In this example, two classes ‘Child_1′ and ‘Child_2’ are derived from base class ‘Parent’ using hierarchical inheritance. Another class ‘Child_3’ is derived from classes ‘Child_1’ and ‘Child_2’ using multiple inheritances. The class ‘Child_3’ is now derived using hybrid inheritance.

Method Overriding

The concept of overriding is very important in inheritance. It gives the special ability to the child/subclasses to provide specific implementation to a method that is already present in their parent classes.

class Parent:
  def f1(self):
    print("Function of Parent class.")

class Child(Parent):
  def f1(self):
    print("Function of Child class.")

obj = Child()
obj.f1()

Here the function f1() of the Child class has overridden the function f1() of the Parent class. Whenever the object of Child class will invoke f1(), the function of Child class gets executed. However, the object of the Parent class can invoke the function f1() of the parent class.

obj_2 = Parent()
obj_2.f1()

The super() function

The super() function in Python returns a proxy object that references the parent class using the super keyword. This super() keyword is basically useful in accessing the overridden methods of the parent class.
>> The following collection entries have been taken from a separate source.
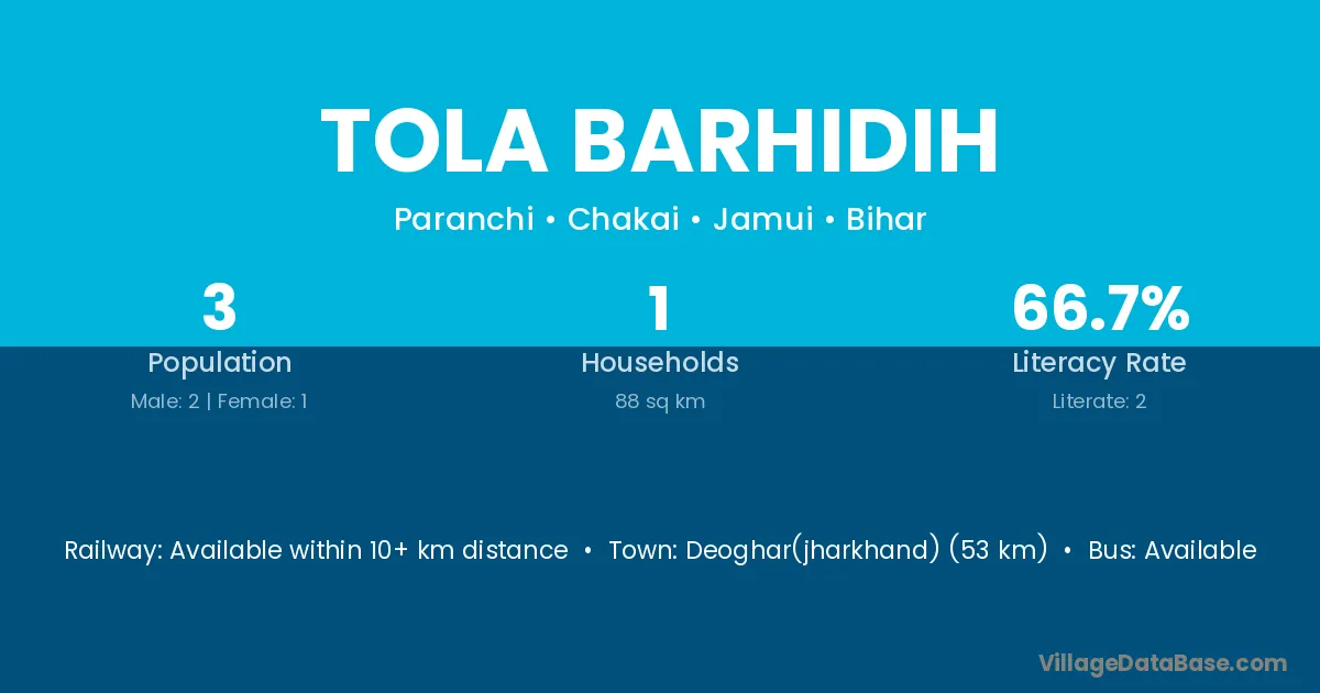 Deoghar(jharkhand) (53 km) is the nearest town to Tola Barhidih village for major economic activities and is located approximately 53 km away.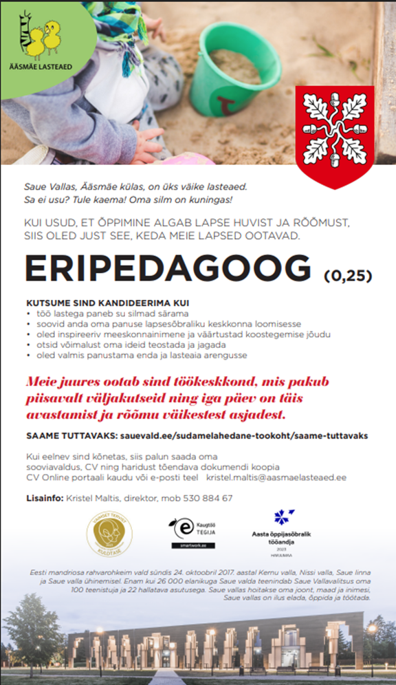Saime taaskord tiitli „Hea lasteaia teerajaja 2024" , eelmine tiitel 2021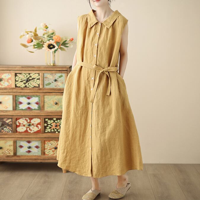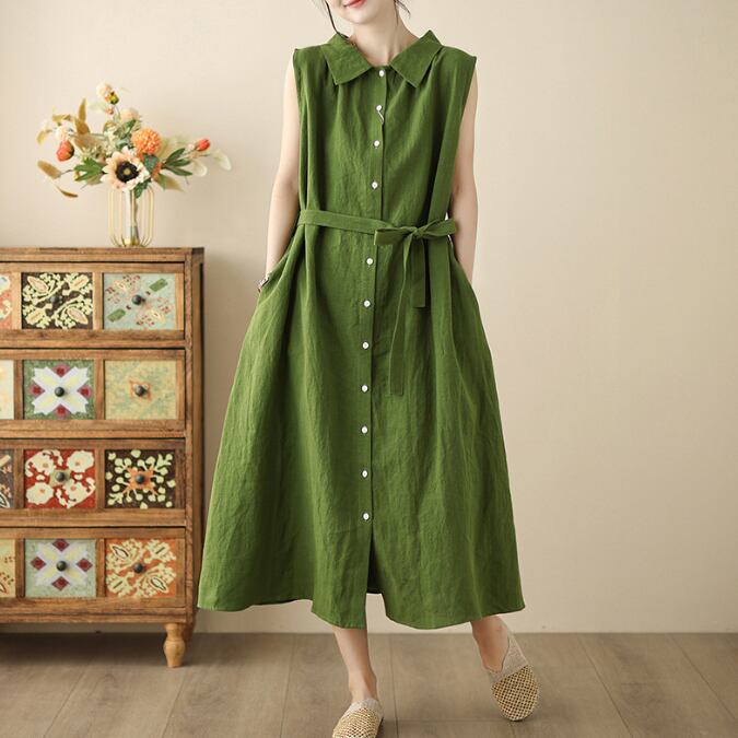 【海外からの取り寄せ】2025新作 レディース ワンピース ロング丈 着痩せ 綿麻 ノースリーブ 襟 ゆったり 体型カバー ボタン付き #[onepiece436_29800]【送料込み】【250603】

  1. In a class hierarchy with single inheritance, super helps to refer to the parent classes without naming them explicitly, thus making the code more maintainable.

    For example-

    class Parent:
      def f1(self):
        print("Function of Parent class.")
    
    class Child(Parent):
      def f1(self):
        super().f1()
        print("Function of Child class.")
    
    obj = Child()
    obj.f1()

    Here, with the help of super().f1(), the f1() method of the super class of Child class i.e Parent class has been called without explicitly naming it.

    One thing to note here is that super() class can accept two parameters- first is the name of the subclass and second is an object that is an instance of that subclass.  Let’s see how-

    class Parent:
      def f1(self):
        print("Function of Parent class.")
    
    class Child(Parent):
      def f1(self):
        super( Child, self ).f1()
        print("Function of Child class.")
    
    obj = Child()
    obj.f1()

    The first parameter refers to the subclass Child, while the second parameter refers to the object of Child which, in this case, is self. You can see the output after using super() and super( Child, self) is the same because, in Python 3, super( Child, self) is equivalent to self().
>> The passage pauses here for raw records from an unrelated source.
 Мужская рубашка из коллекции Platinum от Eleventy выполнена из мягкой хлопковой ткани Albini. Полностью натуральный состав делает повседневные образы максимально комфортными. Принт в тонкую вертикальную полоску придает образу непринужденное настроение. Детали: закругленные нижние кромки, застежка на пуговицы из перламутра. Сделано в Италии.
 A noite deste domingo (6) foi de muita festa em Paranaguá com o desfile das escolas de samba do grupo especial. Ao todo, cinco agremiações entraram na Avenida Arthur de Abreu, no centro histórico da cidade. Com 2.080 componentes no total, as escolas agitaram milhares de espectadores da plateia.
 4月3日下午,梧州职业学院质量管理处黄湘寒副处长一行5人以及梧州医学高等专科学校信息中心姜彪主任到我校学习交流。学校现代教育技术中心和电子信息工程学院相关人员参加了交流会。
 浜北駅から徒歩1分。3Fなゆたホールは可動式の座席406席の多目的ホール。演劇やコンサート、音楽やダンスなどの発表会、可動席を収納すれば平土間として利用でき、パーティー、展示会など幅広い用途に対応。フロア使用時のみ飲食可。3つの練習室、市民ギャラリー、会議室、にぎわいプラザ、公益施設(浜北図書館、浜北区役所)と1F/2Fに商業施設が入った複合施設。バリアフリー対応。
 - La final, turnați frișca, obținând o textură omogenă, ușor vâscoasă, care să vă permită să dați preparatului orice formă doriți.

    Now let’s see one more example using the __init__ function.

    class Parent(object):
      def__init__(self, ParentName):
        print(ParentName, 'is derived from another class.')
    
    class Child(Parent):
      def__init__(self, ChildName):
        print(name,'is a sub-class.')
        super().__init__(ChildName)
    
    obj = Child('Child')

    What we have done here is that we called the __init__ function of Parent class (inside the Child class) using super().__init__( ChildName ). And as the __init__ method of the Parent class requires one argument, it has been passed as “ChildName”.  So after creating the object of the Child class, first the __init__ function of Child class got executed, and after that the __init__ function of Parent class.

  2. The second use case is to support cooperative multiple inheritances in a dynamic execution environment.
    class First():
      def __init__(self):
        print("first")
        super().__init__()
    
    class Second():
      def __init__(self):
        print("second")
        super().__init__()
    
    class Third(Second, First):
      def __init__(self):
        print("third")
        super().__init__()
    
    obj = Third()


    The super() call finds the next method in the MRO at each step, which is why First and Second have to have it too, otherwise, execution stops at the end of first().__init__.

    Note that the super-class of both First and Second is Object.

    Let’s find the MRO of Third() as well-

    Third.__mro__

    The order is Third > Second > First and the same is the order of our output.

End Notes

To conclude, in this article I’ve taken forward the concept of Inheritance in Object Oriented Programming in Python. I covered various forms of Inheritance and some of the common concepts in Inheritance such as Method Overriding and the super() function.